Data to examine:
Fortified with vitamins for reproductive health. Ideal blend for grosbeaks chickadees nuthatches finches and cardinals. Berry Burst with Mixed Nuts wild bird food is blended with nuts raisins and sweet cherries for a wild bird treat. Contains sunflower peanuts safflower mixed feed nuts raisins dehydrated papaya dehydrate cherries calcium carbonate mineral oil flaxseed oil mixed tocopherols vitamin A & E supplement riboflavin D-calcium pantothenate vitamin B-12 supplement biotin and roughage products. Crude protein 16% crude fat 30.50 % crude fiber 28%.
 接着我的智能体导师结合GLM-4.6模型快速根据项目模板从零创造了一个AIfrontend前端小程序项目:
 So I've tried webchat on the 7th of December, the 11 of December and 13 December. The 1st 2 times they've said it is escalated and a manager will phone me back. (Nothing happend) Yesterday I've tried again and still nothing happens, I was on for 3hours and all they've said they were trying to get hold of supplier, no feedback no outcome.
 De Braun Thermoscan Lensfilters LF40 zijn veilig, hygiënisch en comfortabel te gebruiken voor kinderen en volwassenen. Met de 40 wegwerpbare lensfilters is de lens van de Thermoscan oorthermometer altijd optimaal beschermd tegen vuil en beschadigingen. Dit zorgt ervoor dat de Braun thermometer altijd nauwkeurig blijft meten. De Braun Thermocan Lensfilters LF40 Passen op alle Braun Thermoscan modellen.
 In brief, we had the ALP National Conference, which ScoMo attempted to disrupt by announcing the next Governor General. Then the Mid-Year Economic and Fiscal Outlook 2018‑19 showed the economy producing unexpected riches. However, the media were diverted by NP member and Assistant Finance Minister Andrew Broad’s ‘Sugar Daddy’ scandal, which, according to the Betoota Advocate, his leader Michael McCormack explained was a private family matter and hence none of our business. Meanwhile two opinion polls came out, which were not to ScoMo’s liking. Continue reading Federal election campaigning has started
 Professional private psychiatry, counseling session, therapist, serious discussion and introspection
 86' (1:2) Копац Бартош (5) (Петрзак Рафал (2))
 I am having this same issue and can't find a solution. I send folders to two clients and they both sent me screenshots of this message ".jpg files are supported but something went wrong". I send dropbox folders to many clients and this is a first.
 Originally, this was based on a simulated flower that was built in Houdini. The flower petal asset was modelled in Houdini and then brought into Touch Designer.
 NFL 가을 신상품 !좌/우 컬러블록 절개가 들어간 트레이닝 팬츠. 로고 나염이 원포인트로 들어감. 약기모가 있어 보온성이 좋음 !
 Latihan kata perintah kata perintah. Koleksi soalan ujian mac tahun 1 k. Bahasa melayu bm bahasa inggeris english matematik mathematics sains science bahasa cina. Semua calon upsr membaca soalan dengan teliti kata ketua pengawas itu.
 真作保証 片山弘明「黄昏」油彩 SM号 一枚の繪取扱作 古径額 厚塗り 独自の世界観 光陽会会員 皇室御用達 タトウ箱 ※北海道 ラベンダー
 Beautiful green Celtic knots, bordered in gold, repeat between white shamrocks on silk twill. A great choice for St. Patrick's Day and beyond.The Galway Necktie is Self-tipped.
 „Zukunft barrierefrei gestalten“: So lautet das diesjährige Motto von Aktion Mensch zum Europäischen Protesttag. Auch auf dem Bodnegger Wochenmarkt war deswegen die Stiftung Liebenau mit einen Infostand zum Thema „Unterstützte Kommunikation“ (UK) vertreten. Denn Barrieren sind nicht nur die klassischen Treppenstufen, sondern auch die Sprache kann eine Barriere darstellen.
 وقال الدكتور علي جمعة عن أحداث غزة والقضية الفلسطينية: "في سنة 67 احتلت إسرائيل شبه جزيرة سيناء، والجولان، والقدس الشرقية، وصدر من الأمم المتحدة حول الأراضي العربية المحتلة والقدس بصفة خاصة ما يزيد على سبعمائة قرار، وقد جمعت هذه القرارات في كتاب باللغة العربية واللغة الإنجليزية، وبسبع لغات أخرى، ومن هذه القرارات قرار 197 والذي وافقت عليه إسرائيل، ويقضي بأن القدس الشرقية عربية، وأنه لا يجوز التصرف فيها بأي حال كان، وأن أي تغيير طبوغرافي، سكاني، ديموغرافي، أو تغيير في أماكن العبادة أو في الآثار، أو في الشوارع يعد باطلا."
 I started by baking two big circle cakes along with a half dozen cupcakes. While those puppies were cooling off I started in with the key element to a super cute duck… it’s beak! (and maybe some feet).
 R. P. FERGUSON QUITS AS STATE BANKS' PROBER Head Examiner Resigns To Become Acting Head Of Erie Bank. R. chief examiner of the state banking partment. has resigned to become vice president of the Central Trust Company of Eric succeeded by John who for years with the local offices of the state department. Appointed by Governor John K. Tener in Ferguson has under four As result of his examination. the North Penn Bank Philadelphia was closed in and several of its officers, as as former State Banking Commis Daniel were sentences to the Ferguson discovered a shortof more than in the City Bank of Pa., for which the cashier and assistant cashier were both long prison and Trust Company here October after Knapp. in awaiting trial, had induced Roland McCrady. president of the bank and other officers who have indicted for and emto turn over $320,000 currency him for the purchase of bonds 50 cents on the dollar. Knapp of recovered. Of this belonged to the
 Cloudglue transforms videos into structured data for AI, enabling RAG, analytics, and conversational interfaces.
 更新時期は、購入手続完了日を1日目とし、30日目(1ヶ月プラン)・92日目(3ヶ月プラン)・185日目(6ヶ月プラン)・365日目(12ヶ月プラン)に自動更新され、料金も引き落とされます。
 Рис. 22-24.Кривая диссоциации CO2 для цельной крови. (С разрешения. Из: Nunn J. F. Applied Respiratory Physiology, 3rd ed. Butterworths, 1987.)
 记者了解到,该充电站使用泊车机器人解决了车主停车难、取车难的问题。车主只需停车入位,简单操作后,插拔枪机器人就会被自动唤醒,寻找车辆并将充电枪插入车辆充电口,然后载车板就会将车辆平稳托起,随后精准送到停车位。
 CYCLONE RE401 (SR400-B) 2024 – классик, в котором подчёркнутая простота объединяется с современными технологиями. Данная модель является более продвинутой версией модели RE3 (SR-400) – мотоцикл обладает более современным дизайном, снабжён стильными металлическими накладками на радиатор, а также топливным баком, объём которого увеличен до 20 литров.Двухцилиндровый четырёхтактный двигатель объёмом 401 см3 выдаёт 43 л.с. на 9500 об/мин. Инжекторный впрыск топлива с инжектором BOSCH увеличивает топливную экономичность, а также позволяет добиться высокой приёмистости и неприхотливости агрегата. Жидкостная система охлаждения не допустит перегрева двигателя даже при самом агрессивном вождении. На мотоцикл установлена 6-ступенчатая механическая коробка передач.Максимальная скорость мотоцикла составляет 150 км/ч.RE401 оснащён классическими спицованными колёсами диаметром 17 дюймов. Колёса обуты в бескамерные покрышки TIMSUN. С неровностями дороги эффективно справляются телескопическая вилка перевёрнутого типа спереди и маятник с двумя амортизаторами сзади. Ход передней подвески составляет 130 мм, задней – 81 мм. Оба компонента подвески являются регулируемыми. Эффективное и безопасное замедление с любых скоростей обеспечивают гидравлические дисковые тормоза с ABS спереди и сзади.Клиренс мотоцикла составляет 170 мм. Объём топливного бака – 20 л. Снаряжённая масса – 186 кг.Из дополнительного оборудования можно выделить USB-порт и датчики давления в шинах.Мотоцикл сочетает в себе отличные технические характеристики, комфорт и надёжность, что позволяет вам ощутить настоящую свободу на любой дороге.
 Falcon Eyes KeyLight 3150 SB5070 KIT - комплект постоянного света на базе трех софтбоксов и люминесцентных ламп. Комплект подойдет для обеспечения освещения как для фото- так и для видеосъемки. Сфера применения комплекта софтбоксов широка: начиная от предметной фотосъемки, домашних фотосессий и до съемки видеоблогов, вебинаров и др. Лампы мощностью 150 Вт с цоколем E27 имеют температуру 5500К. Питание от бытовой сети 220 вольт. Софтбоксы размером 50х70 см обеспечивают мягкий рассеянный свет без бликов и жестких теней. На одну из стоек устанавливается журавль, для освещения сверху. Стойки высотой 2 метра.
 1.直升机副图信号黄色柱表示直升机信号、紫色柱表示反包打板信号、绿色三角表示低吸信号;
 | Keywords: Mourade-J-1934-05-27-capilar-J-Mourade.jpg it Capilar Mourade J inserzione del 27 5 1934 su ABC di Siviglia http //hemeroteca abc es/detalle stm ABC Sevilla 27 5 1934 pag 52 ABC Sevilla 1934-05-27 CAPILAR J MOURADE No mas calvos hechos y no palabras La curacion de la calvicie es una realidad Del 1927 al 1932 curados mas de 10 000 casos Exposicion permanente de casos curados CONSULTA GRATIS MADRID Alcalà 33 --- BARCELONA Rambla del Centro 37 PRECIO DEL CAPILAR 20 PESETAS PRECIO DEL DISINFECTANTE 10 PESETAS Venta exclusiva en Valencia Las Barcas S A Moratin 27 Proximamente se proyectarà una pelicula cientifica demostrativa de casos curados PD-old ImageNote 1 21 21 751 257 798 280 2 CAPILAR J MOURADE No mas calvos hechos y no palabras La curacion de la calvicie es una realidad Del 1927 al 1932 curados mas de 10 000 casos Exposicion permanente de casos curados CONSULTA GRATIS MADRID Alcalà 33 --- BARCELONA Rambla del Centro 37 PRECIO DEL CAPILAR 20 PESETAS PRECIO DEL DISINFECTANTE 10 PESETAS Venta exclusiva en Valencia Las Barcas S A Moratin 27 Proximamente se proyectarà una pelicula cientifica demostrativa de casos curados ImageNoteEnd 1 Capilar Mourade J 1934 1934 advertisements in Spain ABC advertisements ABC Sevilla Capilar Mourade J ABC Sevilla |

Task details: Only the lines above from the line containing "Beautiful green Celtic" through the line containing "I started by" should be retyped, exactly and with both ends included.

Output below:
 Beautiful green Celtic knots, bordered in gold, repeat between white shamrocks on silk twill. A great choice for St. Patrick's Day and beyond.The Galway Necktie is Self-tipped.
 „Zukunft barrierefrei gestalten“: So lautet das diesjährige Motto von Aktion Mensch zum Europäischen Protesttag. Auch auf dem Bodnegger Wochenmarkt war deswegen die Stiftung Liebenau mit einen Infostand zum Thema „Unterstützte Kommunikation“ (UK) vertreten. Denn Barrieren sind nicht nur die klassischen Treppenstufen, sondern auch die Sprache kann eine Barriere darstellen.
 وقال الدكتور علي جمعة عن أحداث غزة والقضية الفلسطينية: "في سنة 67 احتلت إسرائيل شبه جزيرة سيناء، والجولان، والقدس الشرقية، وصدر من الأمم المتحدة حول الأراضي العربية المحتلة والقدس بصفة خاصة ما يزيد على سبعمائة قرار، وقد جمعت هذه القرارات في كتاب باللغة العربية واللغة الإنجليزية، وبسبع لغات أخرى، ومن هذه القرارات قرار 197 والذي وافقت عليه إسرائيل، ويقضي بأن القدس الشرقية عربية، وأنه لا يجوز التصرف فيها بأي حال كان، وأن أي تغيير طبوغرافي، سكاني، ديموغرافي، أو تغيير في أماكن العبادة أو في الآثار، أو في الشوارع يعد باطلا."
 I started by baking two big circle cakes along with a half dozen cupcakes. While those puppies were cooling off I started in with the key element to a super cute duck… it’s beak! (and maybe some feet).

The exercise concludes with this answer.